# Fine-tune Llama2 using QLoRA and Deploy Model with Multiple Adapters

In this tutorial, we will fine-tune a llama2 model using QLoRA, optimize it using ONNX Runtime tools, and extract the fine-tuned adapters from the model. 
The resulting model can be deployed with multiple adapters for different tasks.

## Prerequisites

Before running this tutorial, please ensure you already installed olive-ai. Please refer to the [installation guide](https://github.com/microsoft/Olive?tab=readme-ov-file#installation) for more information.

### Install Dependencies
We will optimize for `CUDAExecutionProvider` so the corresponding `onnxruntime` should also be installed allong with the other dependencies:

In [None]:
!pip install -r requirements-qlora.txt
!pip install ipywidgets tabulate
!pip install --pre onnxruntime-genai-cuda --index-url=https://aiinfra.pkgs.visualstudio.com/PublicPackages/_packaging/onnxruntime-genai/pypi/simple/
# !pip install --pre onnxruntime-genai

### Get access to model and fine-tuning dataset

Get access to the following resources on Hugging Face Hub:
- [meta-llama/Llama-2-7b-hf](https://huggingface.co/meta-llama/Llama-2-7b-hf)
- [nampdn-ai/tiny-codes](https://huggingface.co/nampdn-ai/tiny-codes)

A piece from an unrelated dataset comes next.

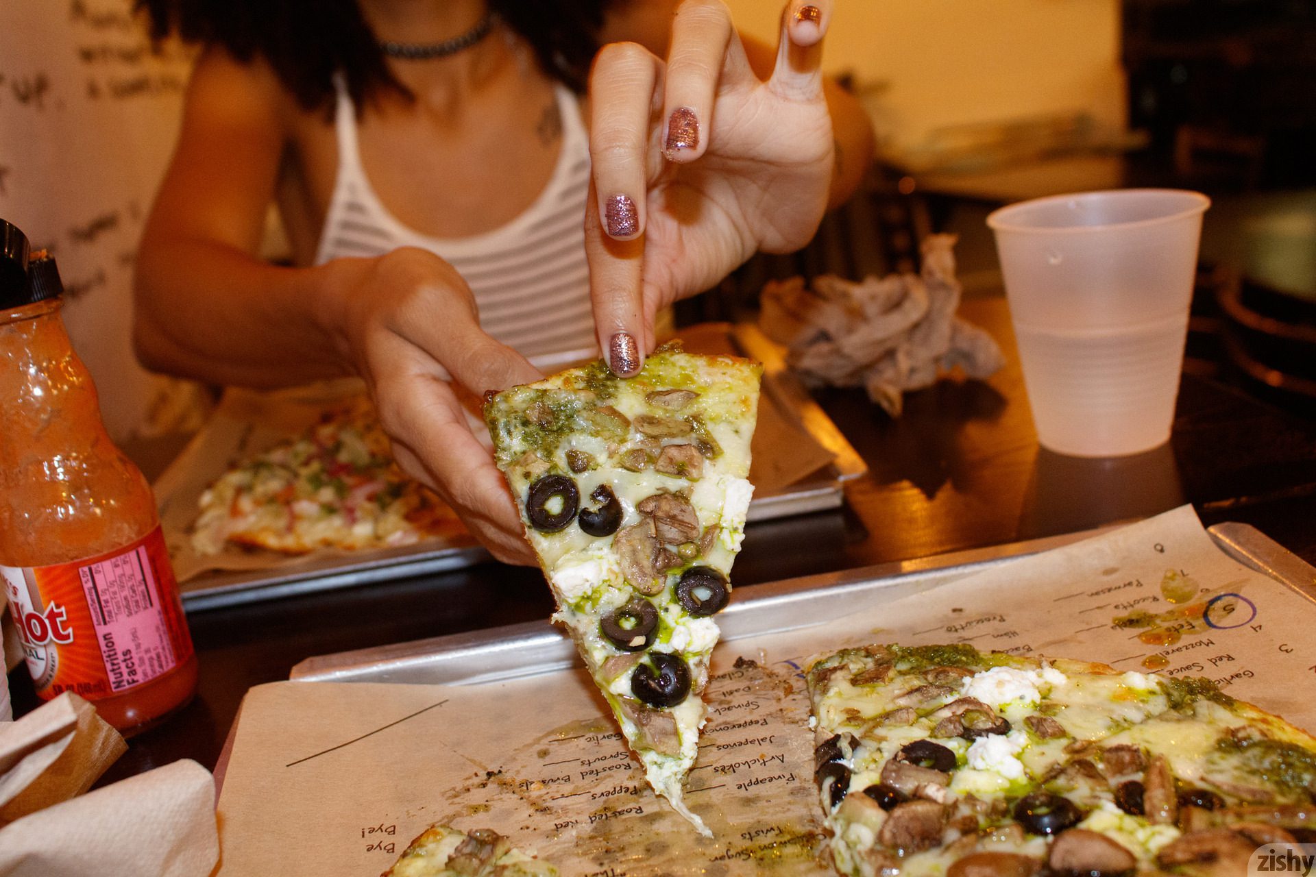 Georgia Ames and I grabbed some pies one evening. The unfortunate thing is that it was also pizza night for a few local families with kids. Quick goat-thinking, Georgia offered to take my camera into the restroom and make her own magic. I waited patiently without taking a bite. Such a gentleman. We capped off the evening with some adventurous shots in Georgia’s neighborhood. The moon did hit my eye that night.

Login to your Hugging Face account:

In [None]:
from huggingface_hub import login

login()

## Workflow

The olive workflow is defined in the [llama2_qlora.json](../../llama2_qlora.json) file. 

It fine-tunes [meta-llama/Llama-2-7b-hf](https://huggingface.co/meta-llama/Llama-2-7b-hf) model using [QLoRA](https://arxiv.org/abs/2305.14314) on a subsection of [nampdn-ai/tiny-codes](https://huggingface.co/nampdn-ai/tiny-codes) to generate python code given a prompt. The fine-tuned model is then optimized using ONNX Runtime Tools.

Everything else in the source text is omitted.